Hypertension, one of the key features of the metabolic syndrome, was surprisingly more prevalent in patients with NAFLD and normal ALT than in those with increased liver enzymes. This underlines the fact that the metabolic alterations related to steatosis and to adipose tissue–related endocrine dysfunction occur independently of overt liver damage and that even pure fatty liver is frequently associated with extrahepatic manifestations of IR syndrome. The results obtained in this cohort, which very likely reflect the characteristics of unselected NAFLD patients, indicate that Italian patients have, on average, milder liver disease, but are nonetheless exposed to all potential complications of the metabolic syndrome.

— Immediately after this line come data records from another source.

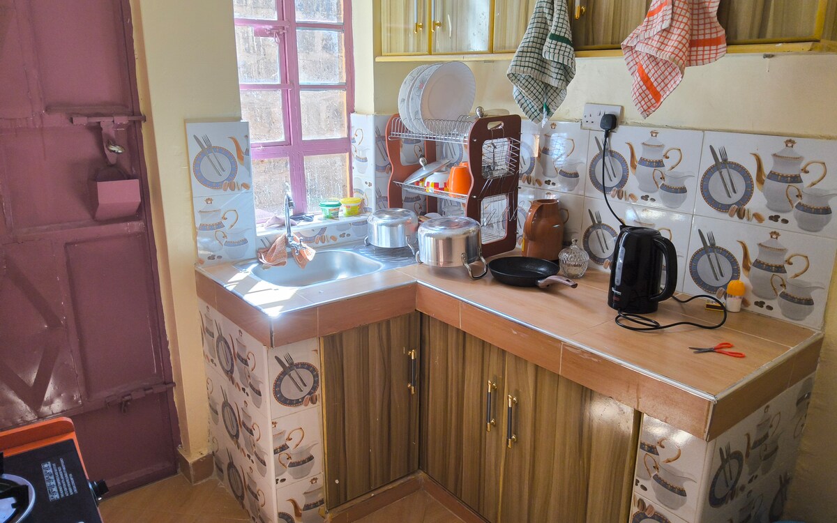 Dobrodošli v našem čudovito oblikovanem minimalističnem prenočišču, ki se nahaja na mirni in mirni lokaciji. Popoln prostor za počitek in počitek po dnevnem vrvežu z odličnim Wi-Fi-jem. Dnevni prostor, obdan z naravno sončno svetlobo, je odličen za uživanje in pomlajevanje. Kuhinja je dobro opremljena, zato je priprava obrokov enostavna in hitra. Noči so tihe, globoko se naspite, se zbudite ob pesmi ptic, osveženi in pripravljeni na nov dan. Od Muranga CBD je oddaljen 1 km.
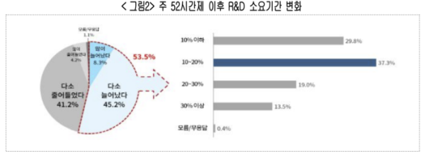 조사 대상 기업의 53.5%는 주 52시간 제도로 ‘연구개발 소요 기간이 늘었다’고 봤다. ‘줄었다’는 응답 비율은 45.4%, ‘모른다’는 1.1%였다. 기간이 얼마나 늘었는지에 대한 질문에는 69.8%가 ‘10% 이상’이라고 답했다.
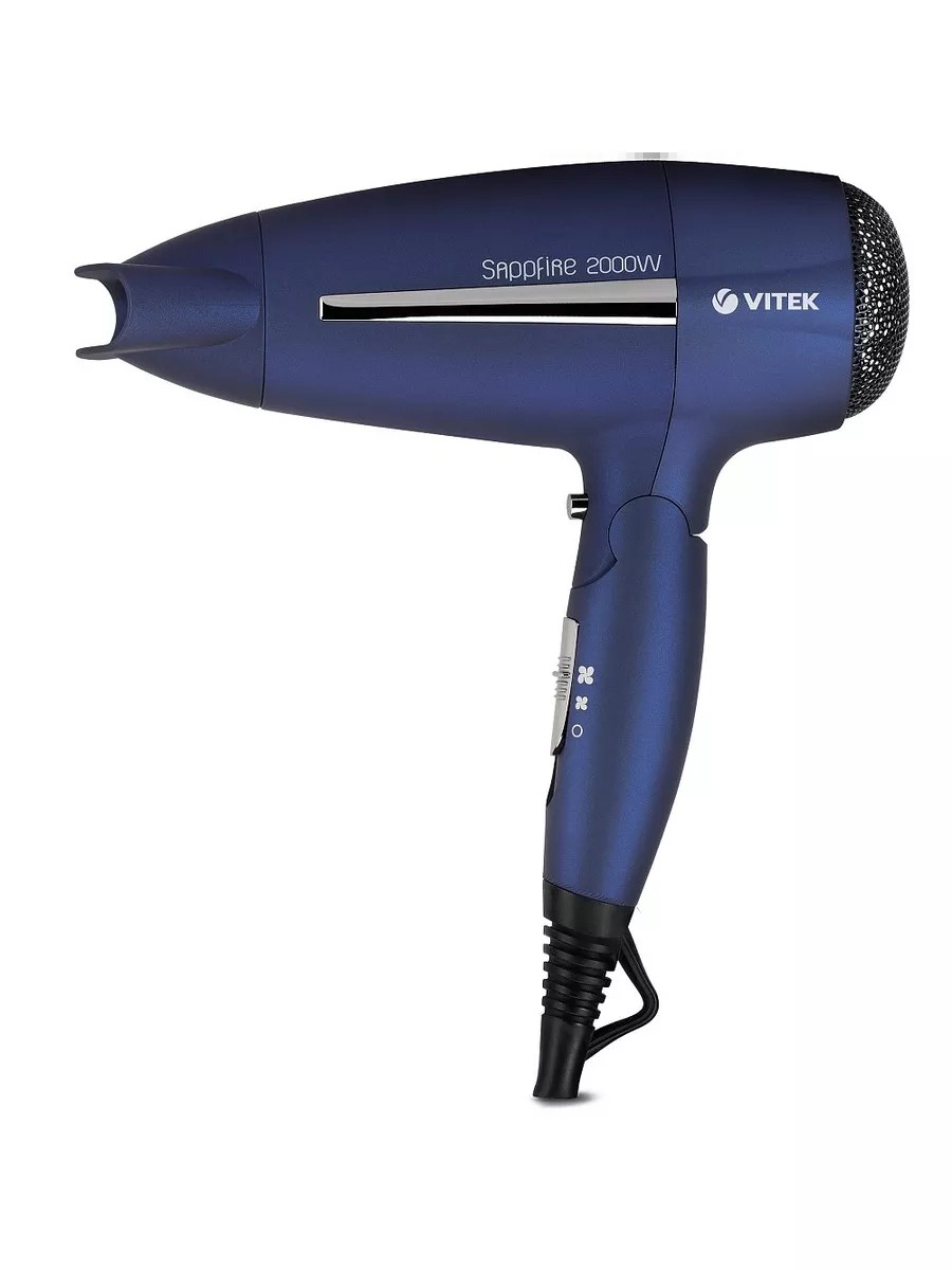 Фен Vitek VT-1309 B (синий) имеет 4 температурных режима и 2 скорости воздушного потока. В наличии – система защиты от перегрева, ионизация, позволяющая сохранить структуру волос во время сушки. Предусмотрена функция подачи холодного воздуха. В комплекте вместе с моделью вы получаете насадку-концентратор.Характерной особенностью фена Vitek VT-1309 B является складная конструкция, что позволяет брать фен с собой – он легко поместится в большой сумке или специальном чехле. Удобство эксплуатации обеспечено противоскользящим покрытием, благодаря чему модель легко держать в руке.

All patients within the spectrum of NAFLD should thus be considered potentially affected not only by a hepatic but also by a multisystemic disease. This suggestion could be even stronger in the presence of higher insulin resistance, which is a sensitive predictor of both progressive liver disease and severe extrahepatic disease. These data are supported by the analysis of NAFLD-related mortality at a population-based level. Data from two registry-based cohorts indicated that patients with NAFLD had a 2.6-fold increased mortality compared to the general population,31, 32 and these data were confirmed by Adams et al.,6 who analyzed the natural history of patients with NAFLD. In patients with NAFLD there was definitely an excess mortality risk over the age-matched and sex-matched general population, and the risk increased with longer follow-up.6 This risk includes both cardiovascular and liver-related events, as shown in cohort studies with long follow-up.7, 13, 30–33, 34
In conclusion, our data indicate that more than half of NAFLD patients with persistently normal ALT have a potentially progressive liver disease. In the absence of biopsy or of an adequate score able to identify subjects at risk, these patients could miss careful follow-up and might be scarcely motivated toward lifestyle modifications that are potentially able to cure their liver disease and the extrahepatic manifestations of the metabolic syndrome. Clinicians should be aware of the importance of a complete clinical evaluation for early diagnosis and treatment of liver disease, as well as the different manifestations of the metabolic syndrome.